*** Block opens ***

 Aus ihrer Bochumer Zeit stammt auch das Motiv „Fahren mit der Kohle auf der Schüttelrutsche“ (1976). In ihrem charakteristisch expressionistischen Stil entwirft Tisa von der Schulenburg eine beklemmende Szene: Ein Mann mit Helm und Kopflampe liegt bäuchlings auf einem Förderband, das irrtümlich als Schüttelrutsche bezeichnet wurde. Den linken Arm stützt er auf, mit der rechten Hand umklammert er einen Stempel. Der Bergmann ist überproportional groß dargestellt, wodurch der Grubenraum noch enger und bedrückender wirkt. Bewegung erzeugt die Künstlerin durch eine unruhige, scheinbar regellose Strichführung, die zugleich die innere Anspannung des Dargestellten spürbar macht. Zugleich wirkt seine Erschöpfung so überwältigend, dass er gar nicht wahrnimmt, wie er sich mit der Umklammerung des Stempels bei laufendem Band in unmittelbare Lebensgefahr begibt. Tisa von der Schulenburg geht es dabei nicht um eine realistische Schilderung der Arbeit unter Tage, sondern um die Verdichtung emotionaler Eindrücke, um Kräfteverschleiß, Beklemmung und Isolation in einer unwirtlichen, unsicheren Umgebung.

*** Block closes ***
*** Block opens ***

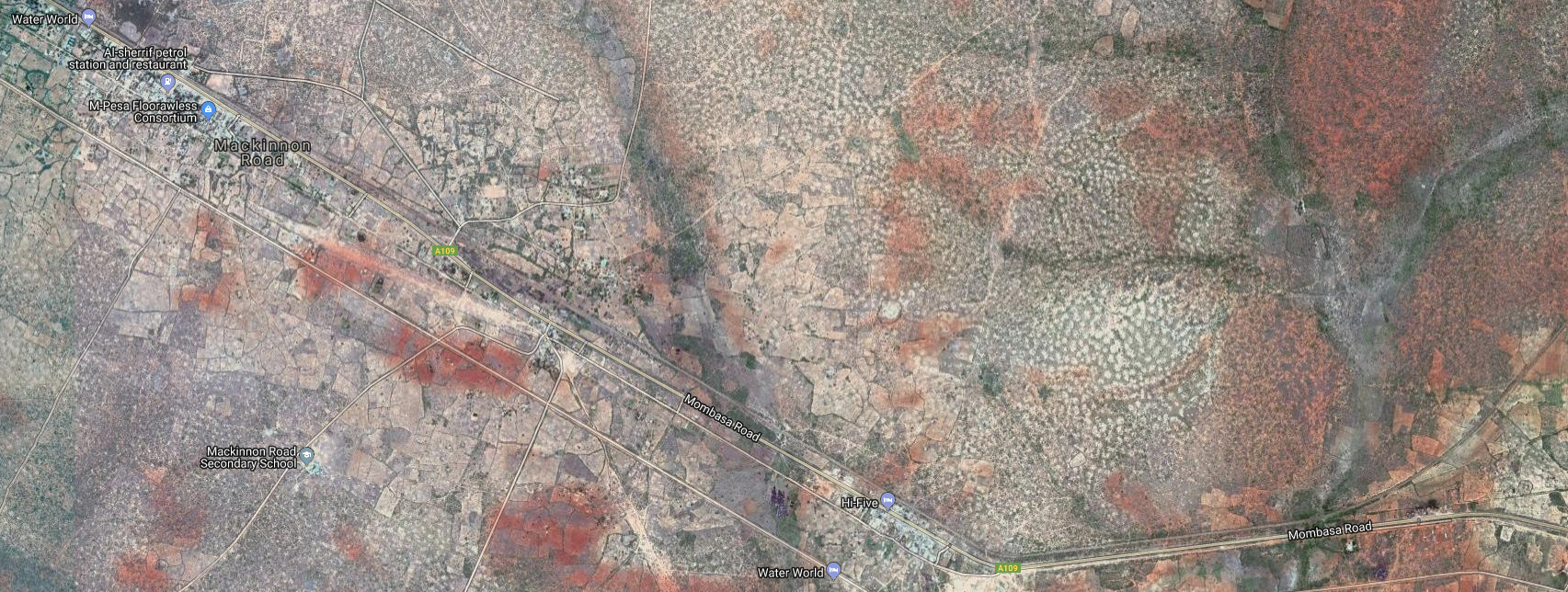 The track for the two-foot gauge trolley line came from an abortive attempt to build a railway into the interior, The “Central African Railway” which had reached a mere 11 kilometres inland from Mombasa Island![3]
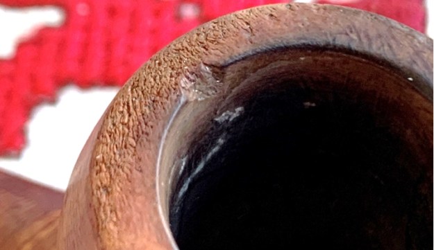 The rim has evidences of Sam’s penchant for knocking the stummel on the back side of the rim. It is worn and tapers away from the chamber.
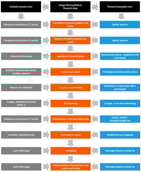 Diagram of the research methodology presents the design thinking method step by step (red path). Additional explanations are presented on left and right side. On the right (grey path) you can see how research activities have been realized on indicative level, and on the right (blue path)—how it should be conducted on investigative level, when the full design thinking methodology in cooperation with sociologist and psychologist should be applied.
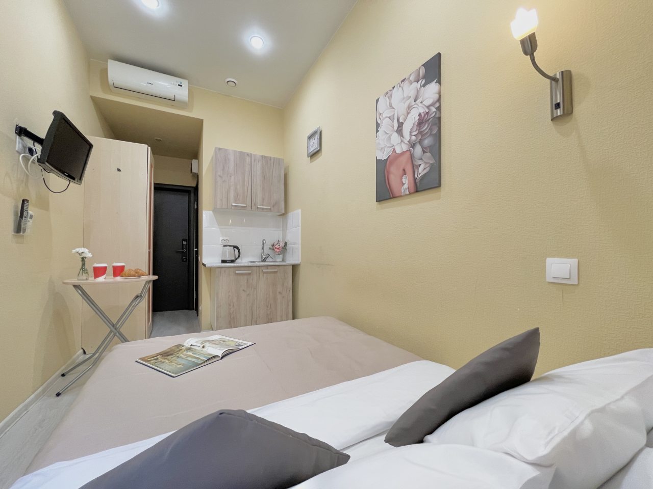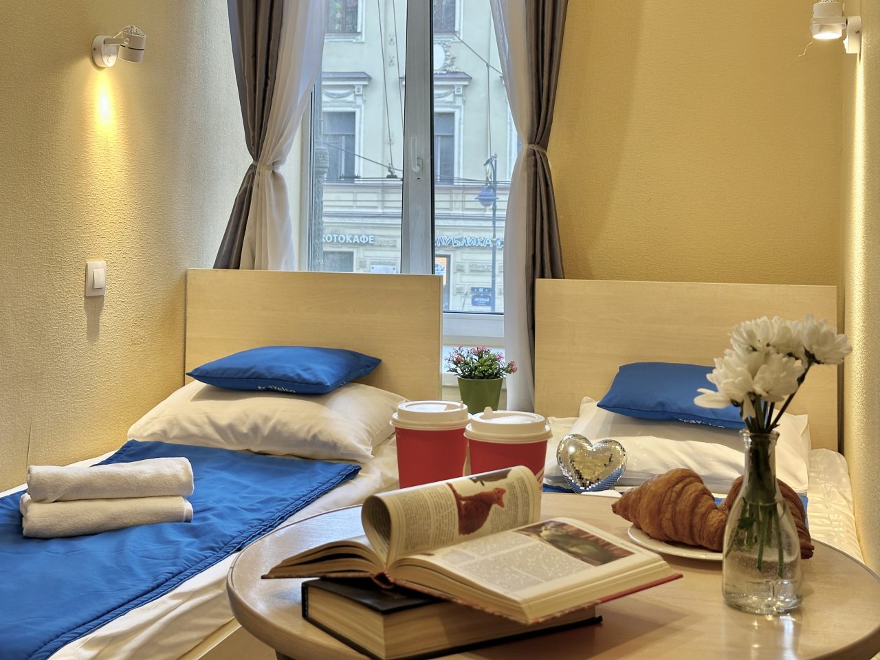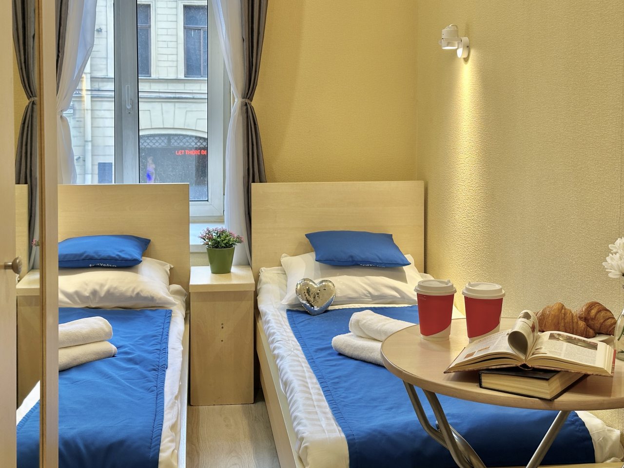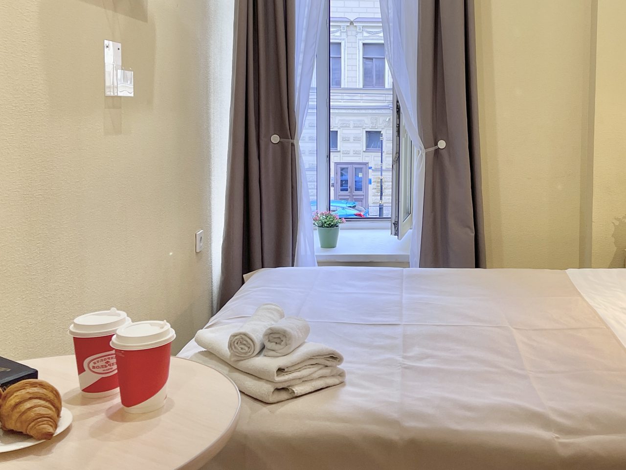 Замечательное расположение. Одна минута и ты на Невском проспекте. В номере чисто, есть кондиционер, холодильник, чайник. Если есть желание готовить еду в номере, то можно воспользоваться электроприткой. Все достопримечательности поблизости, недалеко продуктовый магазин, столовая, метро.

*** Block closes ***

◆ What you will do
Text only, no pictures: please print exactly the lines above from the line with "The track for" up to and including the line with "Замечательное расположение. Одна", and nothing else.

◆ Task response
 The track for the two-foot gauge trolley line came from an abortive attempt to build a railway into the interior, The “Central African Railway” which had reached a mere 11 kilometres inland from Mombasa Island![3]
 The rim has evidences of Sam’s penchant for knocking the stummel on the back side of the rim. It is worn and tapers away from the chamber.
 Diagram of the research methodology presents the design thinking method step by step (red path). Additional explanations are presented on left and right side. On the right (grey path) you can see how research activities have been realized on indicative level, and on the right (blue path)—how it should be conducted on investigative level, when the full design thinking methodology in cooperation with sociologist and psychologist should be applied.
 Замечательное расположение. Одна минута и ты на Невском проспекте. В номере чисто, есть кондиционер, холодильник, чайник. Если есть желание готовить еду в номере, то можно воспользоваться электроприткой. Все достопримечательности поблизости, недалеко продуктовый магазин, столовая, метро.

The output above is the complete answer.